Published December 30, 2021 | Version v1
Journal article Open

AMALGAMATION OF JOVIALITY, SELF-EXAMINATION AND HUMOUR IN KIRAN NAGARKAR'S SEVEN SIXES ARE FORTY THREE AND RAVAN & EDDIE

Description

Kiran Nagarkar, contemporary Indian English writer, is an efficient personality in handling the varied range
of humour. He effectively uses humour for self-analysis, manifestation or critiques on civilization, ethnicity
and social customs. His humors assume different shades, tones and textures.
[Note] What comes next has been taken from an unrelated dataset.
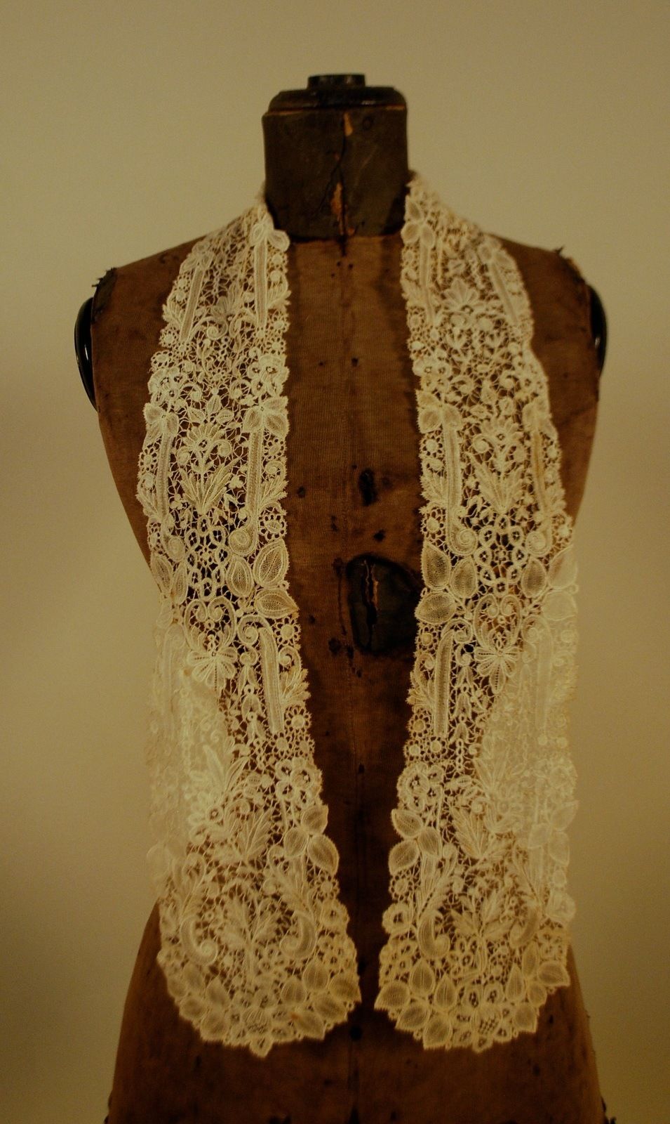 Comments: A dress front of Brussels Duchesse. Raised petal roses in the Point de Gaze inserts, which are fairly elaborate and nicely done. Good raised work in the bobbinlace also. An impressive looking piece.

It has always been a secretly
exhilarating, pleasingly precarious, astonishingly seductive and trustworthy way to make a proclamation, to
recount the stories and to make sure everyone’s voice is heard. Humour has seldom been used to correct, to
restore, to define, to cope with situations, to mirror truths, to discern and to set a value on things, in Indian
writing in English. Humour requires a measure of emotional disengagement.
Nagarkar has used humour as a mode of survival and as an instrument to understand and empathies with
human predicaments and frailties. The sincere attempt of the present research paper is to analyze the
amalgamation of joviality, self-examination and humour in Kiran Nagarkar’s select fictions as a lay reader.